Here’s one example that has largely missed public attention. One number in the jobs report not as strong as the others was labor force participation. While the total number of jobs has returned to its pre-pandemic level, the percentage of working-age people seeking work actually declined slightly in July. What might account for that?
In case you’ve been on Mars lately and missed the trend, America is experiencing a crisis of caregiving. Child care facilities, nursing homes, and hospitals are all ravaged by the intersection of the pandemic and their failure to treat their staff decently. With less reliable caregiving options, more Americans can’t work because they have to stay home caring for the old, the sick, and the young.
Sure enough, the numbers bear that out. In July, according to the Bureau of Labor Statistics, about 850,000 people who were not in the labor force cited factors such as “family responsibilities” or other factors including child care. This number has scarcely dropped since July 2021 despite a strengthening economy. And while some people can work from home, that does not include those in the human service sector, which has the most unfilled positions seeking workers.
The irony is that the very sectors most short of workers (such as child care, day care, and nursing home care) would attract more workers and free up family caregivers to take other jobs, if they had decent pay and working conditions. To contend that raising pay or improving staffing ratios in the care sector would be “inflationary” is to miss the point entirely. It’s a classic case of a structural factor that doesn’t neatly fit the simple “supply” and “demand” categories of standard macroeconomics.
As it happens, the full-blown version of President Biden’s Build Back Better Act had hundreds of billions of dollars for care work and caring facilities. And legislation has been introduced, the Raise the Wage Act, which would raise wages for essential workers in the caregiving sector from $7.25 to $15.00. But these measures will not pass Congress this year, or any year until Democrats have a larger working majority.
A related complication in understanding this economy and the policy options is the fact that several factors that make people feel better or worse about their own economic condition cannot be understood simply as more inflation or less inflation. For instance, the 2021 American Rescue Plan Act gave all parents of children under age 18 what amounted to a universal basic income. This policy improved these families’ personal economic situation.
Was it an anti-inflation policy? Strictly speaking, no. But it made them better off, and it offset other rising costs in household budgets. By the same token, policies to subsidize child care and health care and the cost of drugs are “inflation reduction,” in the sense of reducing final prices to households. But they are best understood as targeted structural policies. As such, these are the alternative to the general economic contraction favored by the Fed.

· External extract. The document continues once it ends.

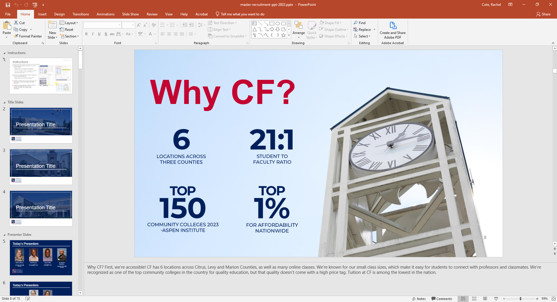 A collegewide recruitment PowerPoint is now available on the Marketing Inside.CF.edu department page. The PowerPoint slide deck includes basic information about admissions, financial aid, program areas, student life and more, … Read more

In the current climate, it’s defensible poetic license to call the Schumer-Manchin-Biden bill the Inflation Reduction Act. But let’s be clear about what we are doing, and why. These policies, intended to put more money in the pockets of struggling people and offset other price hikes, are a blend of subsidies and structural reforms.
For the most part, more intensive and comprehensive policies await a larger Democratic legislative majority. One area that requires only executive action is student debt cancellation. Now that the IRA is on track to final passage, we can expect Biden to get on with it.